#### [Study material]

Start of Block

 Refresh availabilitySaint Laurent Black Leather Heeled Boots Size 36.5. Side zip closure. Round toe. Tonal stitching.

End of Block
Start of Block

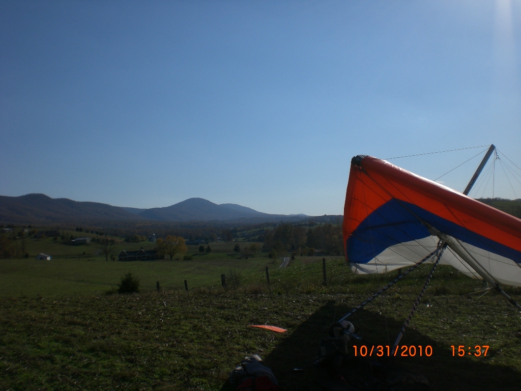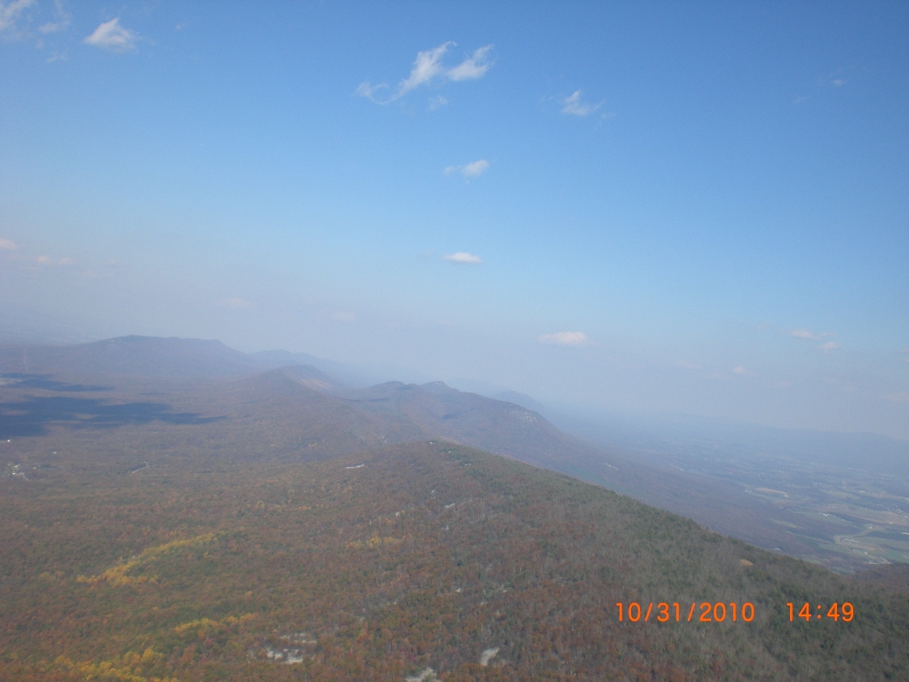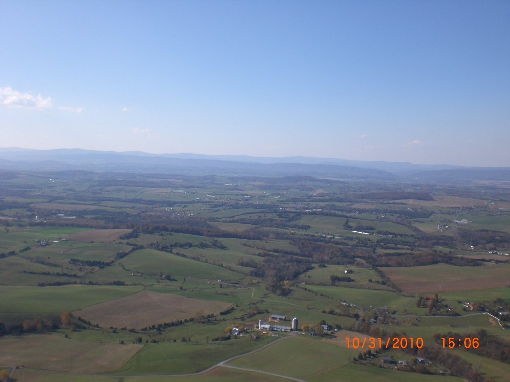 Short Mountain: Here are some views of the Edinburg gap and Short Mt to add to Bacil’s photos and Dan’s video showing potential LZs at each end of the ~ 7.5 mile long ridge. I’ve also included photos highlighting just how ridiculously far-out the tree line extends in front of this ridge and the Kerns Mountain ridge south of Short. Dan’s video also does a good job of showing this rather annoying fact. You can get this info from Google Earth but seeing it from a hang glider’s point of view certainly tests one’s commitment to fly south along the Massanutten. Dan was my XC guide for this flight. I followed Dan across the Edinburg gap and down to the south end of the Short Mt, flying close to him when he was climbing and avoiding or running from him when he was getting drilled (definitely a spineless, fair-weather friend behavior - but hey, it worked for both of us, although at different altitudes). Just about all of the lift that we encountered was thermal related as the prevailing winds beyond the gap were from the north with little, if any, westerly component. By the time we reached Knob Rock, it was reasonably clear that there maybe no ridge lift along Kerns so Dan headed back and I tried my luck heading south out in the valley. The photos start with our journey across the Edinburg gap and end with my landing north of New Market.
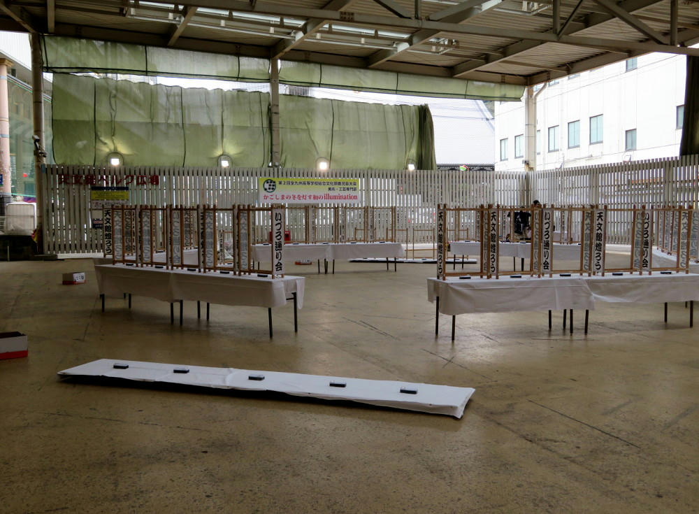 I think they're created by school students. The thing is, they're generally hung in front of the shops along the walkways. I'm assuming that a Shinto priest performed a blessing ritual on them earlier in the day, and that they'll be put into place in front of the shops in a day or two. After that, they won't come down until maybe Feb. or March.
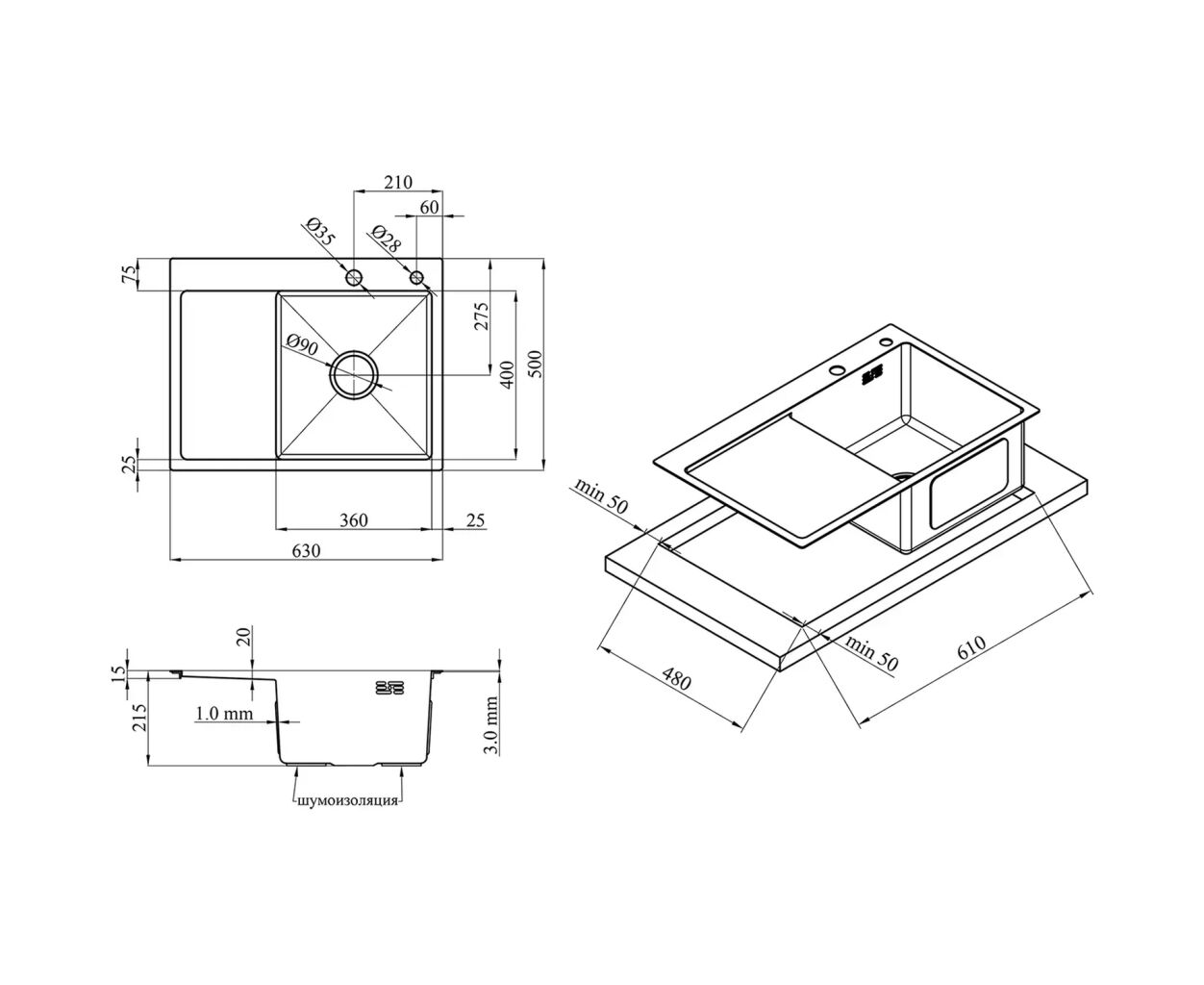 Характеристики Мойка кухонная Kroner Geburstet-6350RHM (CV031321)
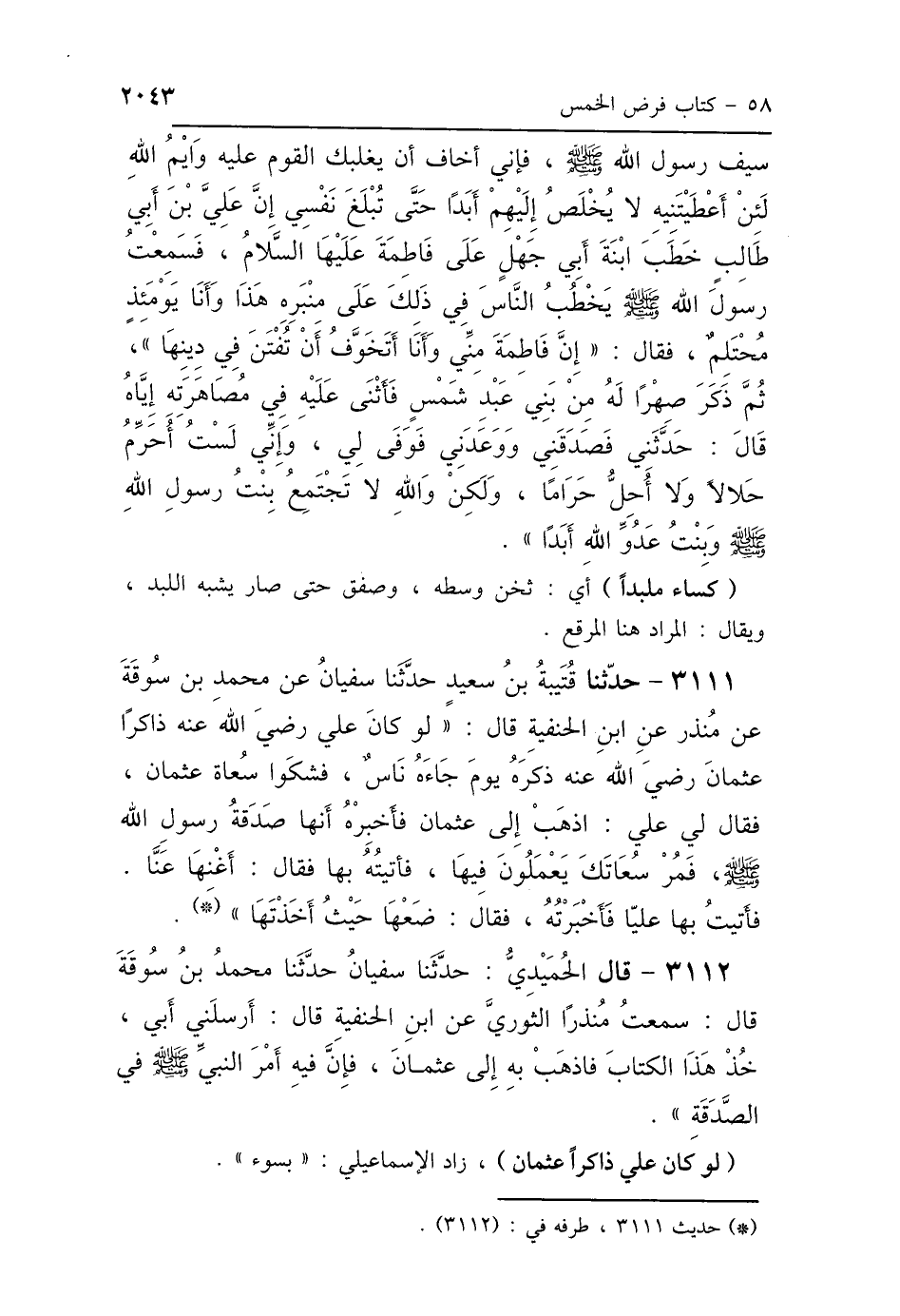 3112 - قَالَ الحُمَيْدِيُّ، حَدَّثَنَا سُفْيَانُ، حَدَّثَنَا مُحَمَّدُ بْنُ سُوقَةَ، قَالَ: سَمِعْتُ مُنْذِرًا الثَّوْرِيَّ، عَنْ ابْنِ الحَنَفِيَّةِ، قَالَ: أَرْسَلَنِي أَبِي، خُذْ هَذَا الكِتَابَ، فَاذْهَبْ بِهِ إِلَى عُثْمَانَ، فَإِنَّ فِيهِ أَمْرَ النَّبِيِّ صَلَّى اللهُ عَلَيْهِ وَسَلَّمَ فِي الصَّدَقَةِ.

End of Block

#### [Task instructions]
From the material above, output only the span of lines that starts at the one containing "Short Mountain: Here" and finishes at the one containing "Характеристики Мойка кухонная", word for word and free of pictures.

#### [Reply to the exercise]
 Short Mountain: Here are some views of the Edinburg gap and Short Mt to add to Bacil’s photos and Dan’s video showing potential LZs at each end of the ~ 7.5 mile long ridge. I’ve also included photos highlighting just how ridiculously far-out the tree line extends in front of this ridge and the Kerns Mountain ridge south of Short. Dan’s video also does a good job of showing this rather annoying fact. You can get this info from Google Earth but seeing it from a hang glider’s point of view certainly tests one’s commitment to fly south along the Massanutten. Dan was my XC guide for this flight. I followed Dan across the Edinburg gap and down to the south end of the Short Mt, flying close to him when he was climbing and avoiding or running from him when he was getting drilled (definitely a spineless, fair-weather friend behavior - but hey, it worked for both of us, although at different altitudes). Just about all of the lift that we encountered was thermal related as the prevailing winds beyond the gap were from the north with little, if any, westerly component. By the time we reached Knob Rock, it was reasonably clear that there maybe no ridge lift along Kerns so Dan headed back and I tried my luck heading south out in the valley. The photos start with our journey across the Edinburg gap and end with my landing north of New Market.
 I think they're created by school students. The thing is, they're generally hung in front of the shops along the walkways. I'm assuming that a Shinto priest performed a blessing ritual on them earlier in the day, and that they'll be put into place in front of the shops in a day or two. After that, they won't come down until maybe Feb. or March.
 Характеристики Мойка кухонная Kroner Geburstet-6350RHM (CV031321)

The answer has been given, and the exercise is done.